Quotes Uncovered: Finally, the Whole Nine Yards
Each week, I’ve been inviting readers to submit quotations for which they want me to try to trace the origin, using The Yale Book of Quotations and my own research.
Today I will give my long-awaited response to the many questions about the leading phraseological enigma of our time, namely the origin of the phrase “the whole nine yards.” I am sorry to disappoint by having no definitive answer, but the reality is that many of the major etymological riddles have no known answer.
“The whole nine yards” is a commonly used expression denoting “everything possible.” Popular theories as to what “nine yards” originally referred to are legion. Ben Zimmer, in an excellent article on the Visual Thesaurus website, enumerates the following conjectures:
Capacity of a ready-made concrete truck, coal truck, or garbage truck (cubic yards);
amount of cloth needed for a Scottish kilt, burial shroud, or three-piece suit;
length of some piece of World War II military equipment (bomb rack, ammunition belt, etc.);
yardage in American football;
other types of “yards”: properties on a city block, naval shipyards, yardarms on a sailing ship, etc.
The first three of these in particular have many passionate adherents, although all are lacking in documentation and have holes in their explanations; ammunition, for example, is measured by rounds rather than length.
Scientific study of TWNY began with the Oxford English Dictionary, which traced its usage back to 1970. J. E. Lighter‘s Historical Dictionary of American Slang pushed the earliest dating back to 1967, citing The Doom Pussy, a book by Elaine Shepard about Vietnam War Air Force pilots.
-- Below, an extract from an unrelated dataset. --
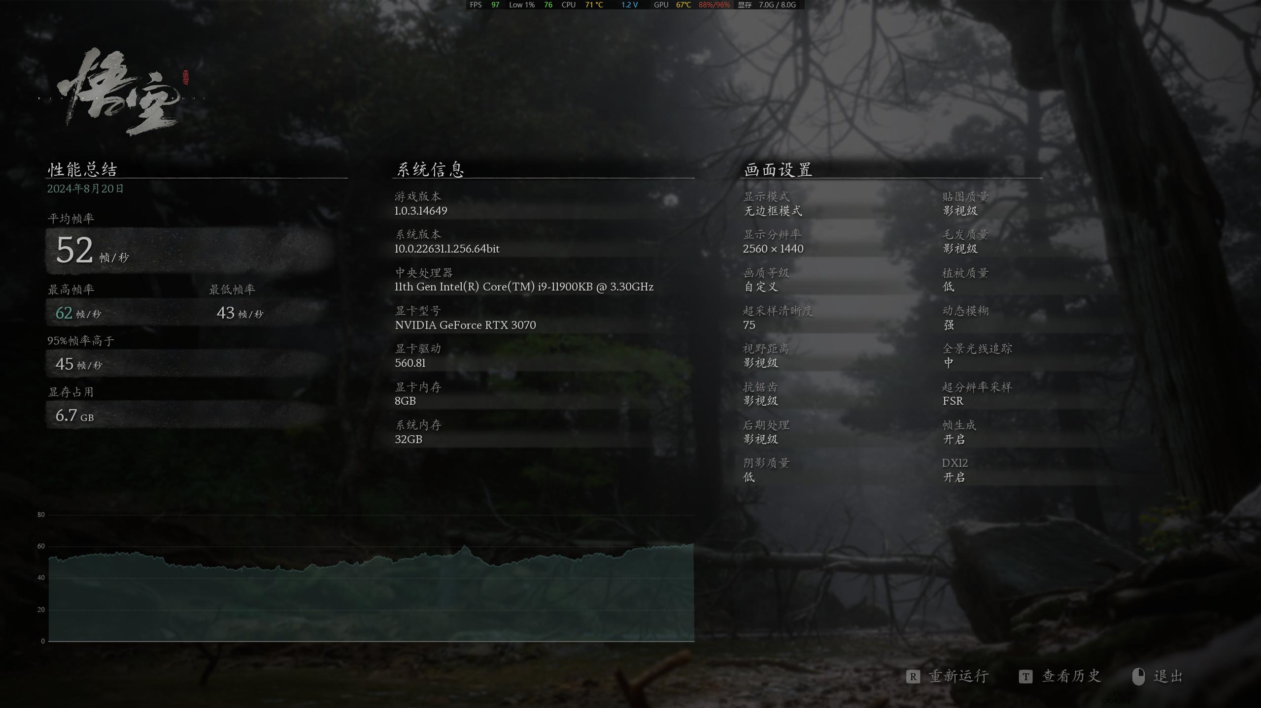 总体来看,RTX 3070虽然是三年前的显卡,但还是老了,坚强了。它的性能足以控制2K分辨率的黑神话:悟空,不需要打开光追。,对1080P分辨率来说,这更是没有压力。

At that point all the earliest known citations were Air Force-related, pointing strongly to a military provenance. Then the database jockeys got into the act. A cadre of “antedaters” revealed a succession of older citations, reporting their discoveries on the Internet discussion list of the American Dialect Society.
First, Sam Clements used Newspaperarchive to unearth a story about NASA slang in the San Antonio Express and News, April 18, 1964, including this tidbit: “‘Give ’em the whole nine yards’ means an item-by-item report on any project.” Given the close nexus between the Air Force and NASA, the sentence seemed to strengthen the Air Force theory.
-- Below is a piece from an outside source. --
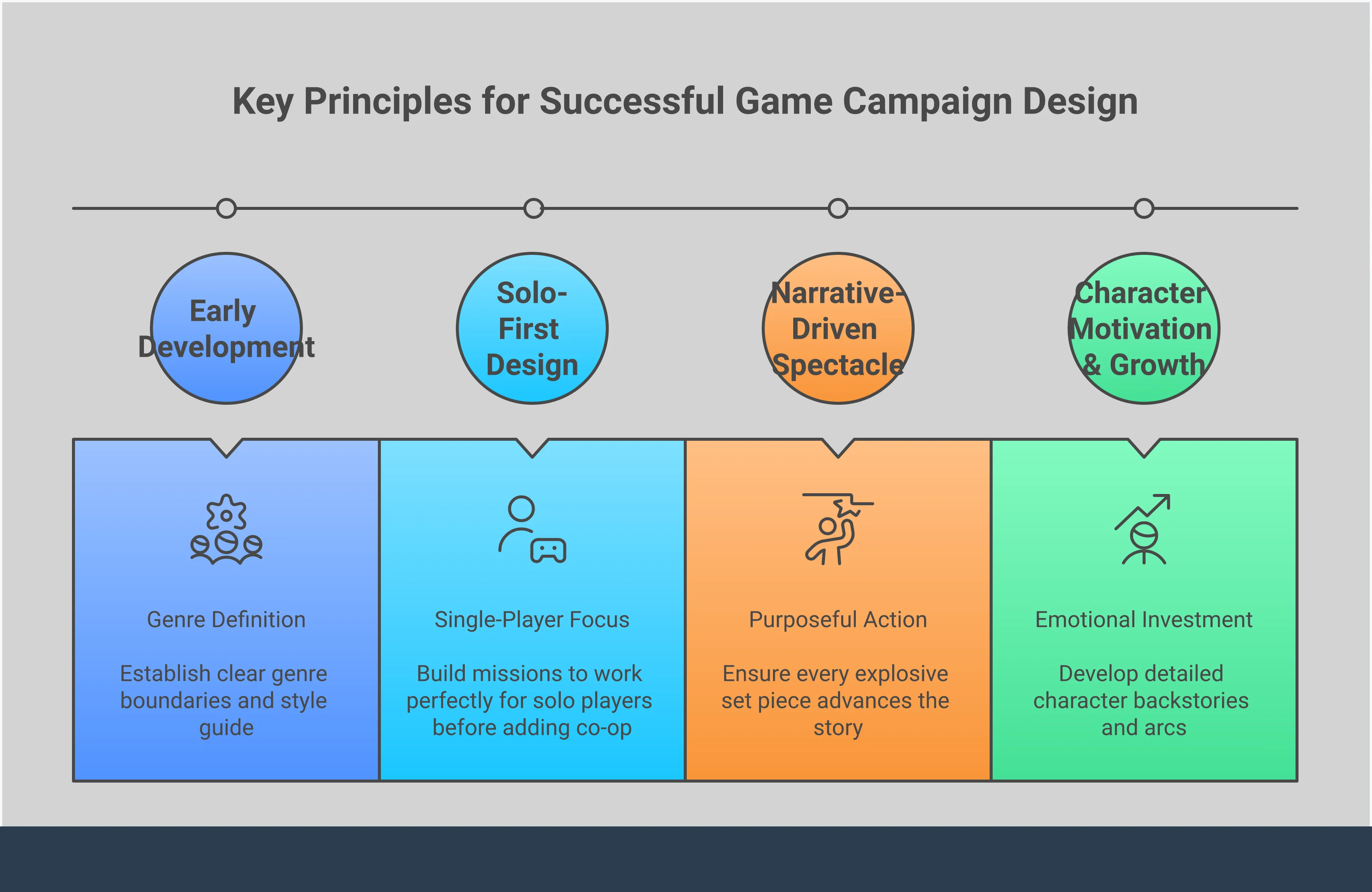 • Не приносите в жертву одиночную кампанию ради кооператива: Разработка миссий для четырех игроков без предоставления ИИ-компаньонов для одиночных игроков создает пустой и разочаровывающий опыт. Отличная кампания должна ощущаться полной сама по себе, а не так, будто приоритет был отдан функции, а не основному игроку.

Online lexicography marched on, however. Bonnie Taylor-Blake posted to the ADS list a Google Books-derived 1962 usage of nine yards that clearly seems to be the same idiom as whole nine yards:
“Your staff of testers cannot fairly and equitably appraise the Chevrolet Impala sedan, with all nine yards of goodies, against the Plymouth Savoy which has straight shift and none of the mechanical conveniences which are quite common now.” — Car Life, December 1962.
Finally, Stephen Goranson, also searching Google Books, came up with a slightly earlier passage in a short story by Robert E. Wegner:
“Then the dog would catch on and go ki-yi-yi-ing from one to the other of the shouting pyjama clad participants mad, mad, mad, the consequence of house, home, kids, respectability, status as a college professor and the whole nine yards, as a brush salesman who came by the house was fond of saying, the whole damn nine yards.” — “Man on the Thresh-Hold,” Michigan’s Voices: A Literary Quarterly Magazine, Fall 1962.
All this state-of-the-art research has not so far gotten us to the etymological El Dorado of a definitive explanation. The two earliest examples are somewhat contradictory in their import: the Car Life one assumes that the reader readily understands the nine yards metaphor, while the Michigan’s Voices one introduces it as a cryptic catchphrase of a brush salesman. They do both seem to treat nine yards as the length of an extensive list (as does the third-oldest known occurrence).
Perhaps their main contribution is as negative evidence. Their context does not relate to the military, nor to the realms of cloth, concrete, or football. They are sufficiently removed from World War II to raise serious doubts about how a term from that war could have attained currency in the 1960’s yet left no trace of prior usage.
OK, people, go ahead now with the confident but unsubstantiated comments about World War II ammunition, Scottish kilts, and concrete trucks.
Also, do any readers have any other quotations whose origins they would like me to attempt to trace?